Nutter Weathers Irene
So it turns out Michael Nutter looks as good in a windbreaker as he does a snow parka. As the last winds from Irene petered out and the sun came out Sunday afternoon, Nutter—along with Gov. Corbett and a host of other pols—stood on the newly drawn banks of the swollen Schuylkill River for a post-game news conference.
Most of the Mayor’s entourage looked like shit on a stick, haggard and exhausted from a stressful night of little to no sleep. Not Nutter. He appeared rested and in command, with a bigger bounce in his step than usual.
There’s something about sudden calamities, natural and otherwise, that brings out the best in the Mayor. Part of it is that he’s mastered the optics of catastrophe, which boil down to being omnipresent and looking like you’re doing something. Part of it is that the city takes disaster prep very seriously, and has some really solid public servants on that job.
But there’s more to Nutter’s solid disaster performance than that. When he’s surveying flood waters, symbolically shoveling sidewalks or finding just the right pitch in the aftermath of a police shooting, you get the sense that Nutter feels like the mayor he always imagined he would be. He clearly gets a charge out of it all. He’s in control. Telegenic. Issuing orders that are promptly followed.
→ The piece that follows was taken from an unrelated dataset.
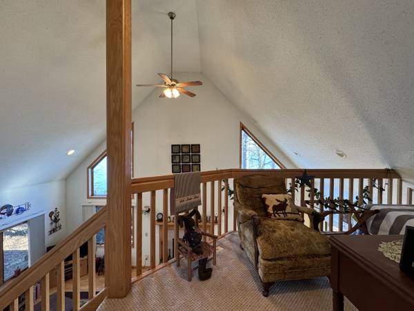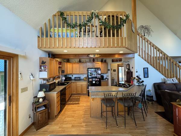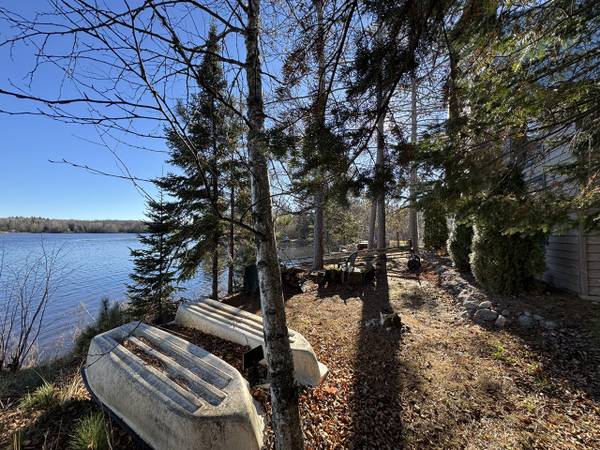 Imagine owning this exceptionally well-maintained home on a peninsula, featuring stunning views of Pine Lake from both sides of the home! Level frontage, great sand for swimming and a firepit area where you feel like you can dip your toes in the lake while roasting marshmallows! Attractive full length covered porch with stamped concrete welcomes you inside to the open concept with soaring cathedral ceiling & gas fireplace. Nice mudroom plumbed for laundry, full BA & BR with WF glass patio door. Upstairs features an open loft, master BR with private WF deck, master BA & lots of closet/storage space. In floor hydronic heat throughout the main level, plus a mini split for air conditioning & quick heat for a chilly night. The garage features drive through overhead doors, finished upper level bunk room with carpet T&G pine walls & ceiling & a lakeside deck. Includes all furnishings, pier, paddleboat, aluminum boat, garage items, LP tank & a 2004 Northwood 22 ft pontoon boat & motor! OFFERED BY CENTURY 21 Pierce Realty, LLC # show contact info

No City Council to worry about. The usually carping press in a compliant mood. In other words, no messy politics to spoil the act of governing.
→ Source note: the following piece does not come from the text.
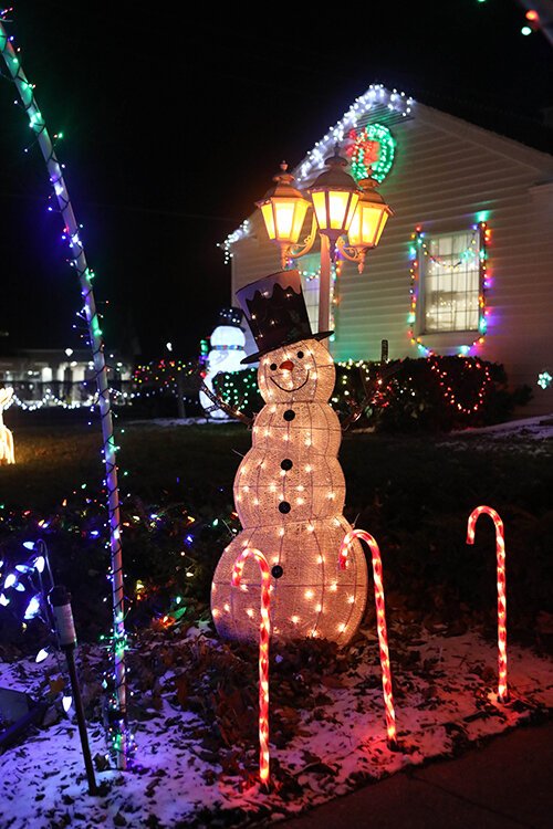 “We want people to walk through our display, that’s our goal,” says Gurski. “Sometimes when little kids come by I can hear them amazed by the lights as they go under the arches. I have a little bowl of candy canes for the little ones when I can go outside and catch them in time.”

The Mayor’s competence in a catastrophe wasn’t a given. We had no real reason to expect a wonky councilman like Nutter would prove so effective at this part of the job. But he has. And not just in the disasters. Nutter is a fantastic ambassador for Philadelphia nationally, particularly on the cable networks and in organizations like the U.S. Conference of Mayors.
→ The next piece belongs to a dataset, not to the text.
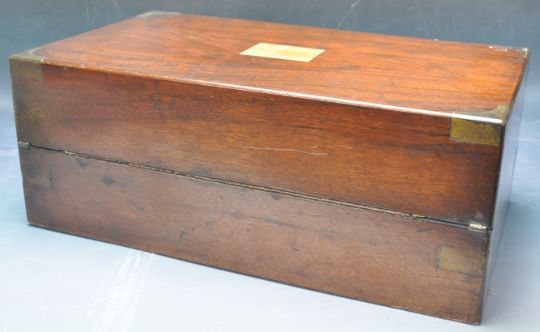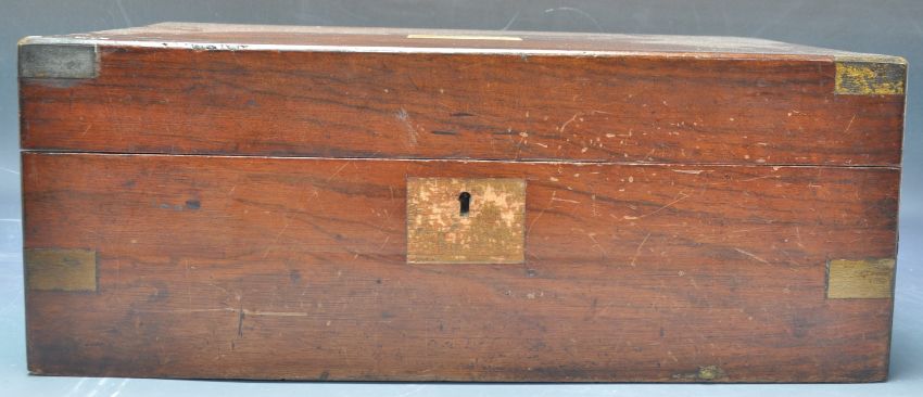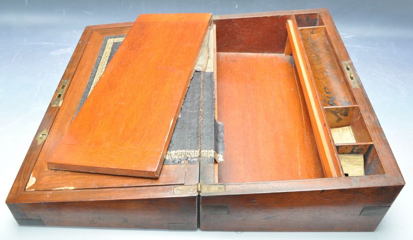 A 19th century George III walnut writing slope having brass corners to the hinged lid openIng to reveal a fully appointed interior. Measures 15cm x 40cm x 23cm

The trouble, of course, is that disaster management and MSNBC appearances are a tiny fraction of a mayor’s job. When the jobs are messier, or more political, or longer-term and more boring, Nutter’s performance is less impressive. The nice thing about Irene is that flood waters recede on their own pretty quickly, so none of us have to worry that the city’s efforts will suddenly flag, like snow removal has so often in this administration 24 hours or so after the big storm.